Карагач. Очаровательная блудница

1

Ледоход на Карагаче обычно начинался поздно, в конце апреля, и все из-за частых заломов[Залом — скопление сплавляемых россыпью бревен или дров, вызванное остановкой их движения; затор (здесь и далее — примеч. ред.).], в межень[Межень — ежегодно повторяющееся сезонное стояние низких (меженных) уровней воды в реках. В умеренных и высоких широтах различают летнюю и зимнюю межень.] перегораживающих реку высокими плотинами. Поэтому речные участки измерялись и часто назывались по большим заломам — Широкий, Кривой, Гиблый, а между ними еще мелких несколько. Берега были в основном песчаными либо из лёссовидных суглинков; каждую весну в реку валилось десятки тысяч деревьев, с корнями и кронами, и все набивалось в узком месте, превращалось в плотину высотой с трехэтажный дом. Половодьем же дикий этот вал леса поднимало, подпирало льдом, иногда намертво запруживая русло, и тогда разлив на некоторое время выплескивался из берегов, подтапливая даже чернолесье[Чернолесье — лиственный лес.] и высокую боровую пойму. Залом при этом трещал, сосны, ели и кедры в два обхвата ломались, как спички. Иногда напор льда и воды создавался такой, что поток устремлялся через пойму к высокому материковому берегу и за одну весну промывал новое русло. Эти места назывались прорвами, и потому по Карагачу часто встречались названия мест и урочищ — Красная Прорва, Зажирная Прорва, Гнилая Прорва…

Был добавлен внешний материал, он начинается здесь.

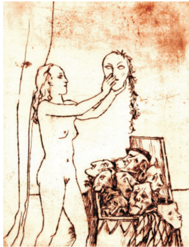
„Mädchen am Maskenkasten“
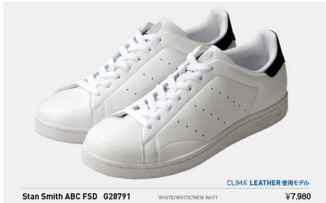
Stan Smith ABC FSD G28791 税込¥7,980- (※クライマレザー使用モデル)
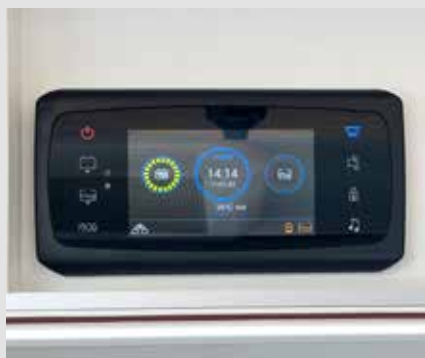
Panneau de commande central bien visible et intuitif
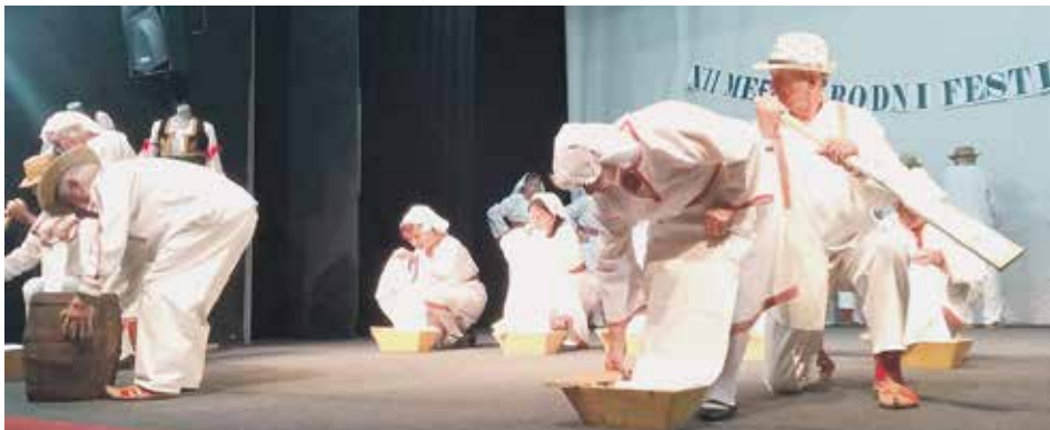
Гости из Куманова извели перформанс „Биљана платно белеше“

Дефиле искусних фолклораша и појаца изворних песама прошао је улицама
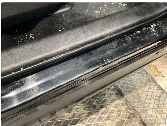
1.5 Slitasje på innsteg.
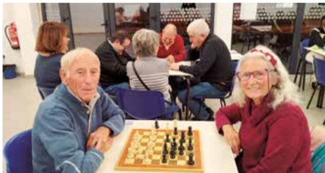
Balcó al Mar de Canet. / EPDA

Но иногда происходило зрелище, потрясающее воображение. Сотнями лет свергаемые в реку огромные деревья, выморенные, накрепко сбитые и перевитые, словно фашина, превращенные в пластичный деревянный хлам, перегораживающий реку, не выдерживал и рушился в одночасье. Могучая, нашпигованная древесиной и льдом волна неслась по реке, сметая березовые леса, малые заломы и заваливая чистые пойменные луговины топляком, карчами[Карча — суковатый пень, ветвистый обломок, целое дерево с кореньями, подмытое и снесенное водою; замоина, замытое в песке под водою дерево, опасное для рыболовов и для судов.], перетертыми сучьями и прочим мусором. Осенью можно было ходить босиком по траве-отаве, любоваться пейзажами со стожками, выплывающими из утреннего тумана, удить рыбу в многочисленных озерах, а весной, когда схлынет половодье, — попросту не узнать места и ноги себе сломать, карабкаясь по нагромождениям преющего, стремительно разлагающегося на воздухе дерева. Лес большей частью укладывался в пойменные старицы[Старица — полностью или частично отделившийся от реки участок её прежнего русла.] и озера, и сколько же там разводилось рыбьих хищников — окуней и щучья!

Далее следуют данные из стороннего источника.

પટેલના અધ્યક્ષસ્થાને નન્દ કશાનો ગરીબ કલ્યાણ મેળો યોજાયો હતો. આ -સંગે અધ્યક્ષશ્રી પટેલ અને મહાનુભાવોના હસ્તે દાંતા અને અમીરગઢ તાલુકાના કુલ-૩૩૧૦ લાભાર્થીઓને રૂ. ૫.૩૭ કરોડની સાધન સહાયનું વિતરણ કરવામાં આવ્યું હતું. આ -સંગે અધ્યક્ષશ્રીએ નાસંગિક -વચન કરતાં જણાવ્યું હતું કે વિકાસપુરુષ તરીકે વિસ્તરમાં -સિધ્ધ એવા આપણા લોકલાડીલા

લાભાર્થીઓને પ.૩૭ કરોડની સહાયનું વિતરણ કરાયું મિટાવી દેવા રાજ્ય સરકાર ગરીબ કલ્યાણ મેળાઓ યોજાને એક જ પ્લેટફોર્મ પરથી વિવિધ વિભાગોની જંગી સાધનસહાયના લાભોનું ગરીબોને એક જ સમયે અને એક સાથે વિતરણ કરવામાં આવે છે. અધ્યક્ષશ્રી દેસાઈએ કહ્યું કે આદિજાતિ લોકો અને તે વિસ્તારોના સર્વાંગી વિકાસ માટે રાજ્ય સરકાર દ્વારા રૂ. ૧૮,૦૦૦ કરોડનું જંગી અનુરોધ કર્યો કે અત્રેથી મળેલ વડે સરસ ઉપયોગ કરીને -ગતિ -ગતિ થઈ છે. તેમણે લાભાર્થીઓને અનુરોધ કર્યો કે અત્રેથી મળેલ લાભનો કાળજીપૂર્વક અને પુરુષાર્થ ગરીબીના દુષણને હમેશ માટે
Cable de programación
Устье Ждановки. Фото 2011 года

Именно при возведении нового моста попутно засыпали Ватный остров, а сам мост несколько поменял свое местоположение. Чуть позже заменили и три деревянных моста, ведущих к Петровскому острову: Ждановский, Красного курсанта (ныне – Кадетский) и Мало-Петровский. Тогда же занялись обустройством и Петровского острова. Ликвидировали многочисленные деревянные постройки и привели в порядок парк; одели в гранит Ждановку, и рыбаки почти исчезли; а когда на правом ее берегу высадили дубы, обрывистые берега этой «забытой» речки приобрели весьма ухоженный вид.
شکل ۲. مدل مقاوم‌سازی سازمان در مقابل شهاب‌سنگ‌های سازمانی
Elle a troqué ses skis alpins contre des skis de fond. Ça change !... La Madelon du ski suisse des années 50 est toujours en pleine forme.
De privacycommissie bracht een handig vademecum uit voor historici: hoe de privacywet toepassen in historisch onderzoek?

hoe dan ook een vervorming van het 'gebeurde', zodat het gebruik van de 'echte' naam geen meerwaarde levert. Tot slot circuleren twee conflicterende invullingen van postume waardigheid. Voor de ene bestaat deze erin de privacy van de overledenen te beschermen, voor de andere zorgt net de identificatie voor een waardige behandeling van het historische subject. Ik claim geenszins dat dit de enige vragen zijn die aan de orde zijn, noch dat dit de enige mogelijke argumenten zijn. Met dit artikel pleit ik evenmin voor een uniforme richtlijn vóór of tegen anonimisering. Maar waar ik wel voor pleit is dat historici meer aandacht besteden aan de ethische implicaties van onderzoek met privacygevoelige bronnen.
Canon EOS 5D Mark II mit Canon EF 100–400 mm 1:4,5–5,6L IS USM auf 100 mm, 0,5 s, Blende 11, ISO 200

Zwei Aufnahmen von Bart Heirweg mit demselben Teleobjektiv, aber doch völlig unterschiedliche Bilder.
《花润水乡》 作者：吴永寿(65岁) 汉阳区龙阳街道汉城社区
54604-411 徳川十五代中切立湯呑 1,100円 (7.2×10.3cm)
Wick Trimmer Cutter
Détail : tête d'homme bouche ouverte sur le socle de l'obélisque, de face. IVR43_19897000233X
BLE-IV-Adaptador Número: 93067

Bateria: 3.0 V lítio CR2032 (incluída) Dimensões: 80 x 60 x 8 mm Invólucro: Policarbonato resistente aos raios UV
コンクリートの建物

Такие захламленные поймы здесь назывались тюпами или сорами[Соры — мелководные, часто соленые озера с топким дном в Казахстане, на юге Западной Сибири, а также в поймах крупных рек; мелководные заливы озер.]. Через три-четыре года они становились вовсе непроходимыми, ибо много раз перемытый суглинок удобрялся гнилой древесиной, становился особенно плодородным, быстро и густо зарастал — в основном красноталом, крушиной, волчьей ягодой и, как ни странно, хмелем, который сплетал кустарники снизу и доверху. Получались самые настоящие джунгли, с таким плотным лиственным покровом, что у земли было темно даже в солнечные дни, под ногами не росла трава, чавкала грязь от непросыхающих осадков, а от обилия гнуса нечем было дышать. Только загнанный лось мог уйти в сору, в иное время крупные звери обходили их стороной, хотя там было полно заманчивого корма. И если ушел, то уже с концами. Зато здесь в обилии селились грызуны и мелкий пушной зверек, особенно известный карагачский горностай, в котором некогда щеголяло пол-Европы монархов.

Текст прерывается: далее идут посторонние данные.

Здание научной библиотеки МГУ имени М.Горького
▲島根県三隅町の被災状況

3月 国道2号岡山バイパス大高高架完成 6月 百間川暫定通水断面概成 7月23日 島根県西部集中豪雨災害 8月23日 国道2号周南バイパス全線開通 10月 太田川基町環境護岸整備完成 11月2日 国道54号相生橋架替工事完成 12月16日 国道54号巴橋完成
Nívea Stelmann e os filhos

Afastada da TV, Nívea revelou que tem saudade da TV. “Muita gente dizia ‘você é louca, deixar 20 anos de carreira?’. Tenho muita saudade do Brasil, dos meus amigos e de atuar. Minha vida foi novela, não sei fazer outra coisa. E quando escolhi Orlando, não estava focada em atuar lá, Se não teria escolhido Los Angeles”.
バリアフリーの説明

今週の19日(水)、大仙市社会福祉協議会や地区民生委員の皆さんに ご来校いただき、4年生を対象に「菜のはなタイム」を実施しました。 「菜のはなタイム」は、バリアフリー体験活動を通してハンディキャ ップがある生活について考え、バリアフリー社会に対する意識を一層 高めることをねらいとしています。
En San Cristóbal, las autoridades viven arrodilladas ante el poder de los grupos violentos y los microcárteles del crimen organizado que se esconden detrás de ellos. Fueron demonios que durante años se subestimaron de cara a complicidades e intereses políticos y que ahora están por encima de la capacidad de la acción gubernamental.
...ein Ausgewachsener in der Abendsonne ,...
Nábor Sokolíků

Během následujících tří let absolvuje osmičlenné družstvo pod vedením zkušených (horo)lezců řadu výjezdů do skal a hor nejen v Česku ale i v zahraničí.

Это не просто Сибирь, это Южная Сибирь…

В одной из таких сор на Карагаче, еще в семидесятых, заблудился и погиб начальник отряда Репнин, после чего ее стали так и называть — Репнинская Сора. А залез в эту ловушку из страсти: пошел искать старицу, бывшую здесь прежде и легко доступную, намеревался щук половить на спиннинг. В Карагаче водилась ценнейшая рыба — нельма, которой в основном и питалось местное, и не только, население. Щука за рыбу не считалась, и ею обычно кормили собак, поросят и клеточных норок, которых разводили в коопзверопромхозе. Но среди геологов ловля этой рыбы была спортом, проводились чемпионаты, рисовались таблицы, делались серьезные ставки, совместимые с зарплатой за полевой сезон, и чемпионы торжественно награждались переходящей блесной Овчинникова, первого начальника Карагачской партии. Это была самоделка весом около полукилограмма, из самоварной меди, с шестью самоковными якорями, с вертлюгом из нержавейки, и все это позолочено кустарным, но качественным образом, да еще проба поставлена — пока в руки не возьмешь, кажется золотая. Рыбу на нее не ловили, да и не было здесь такой, чтоб смогла заглотить эту снасть; сам Овчинников когда-то работал на Нижней Тунгуске и сделал ее, чтоб добывать стокилограммовых и более тайменей. Репнин уже владел золотой блесной, но осенью, перед ледоставом, утратил чемпионский титул, всю зиму страдал от этого и, едва схлынул паводок и Карагач вошел в русло, отправился на заветную щучью курью. Не быть, не жить ему было — вернуть блесну…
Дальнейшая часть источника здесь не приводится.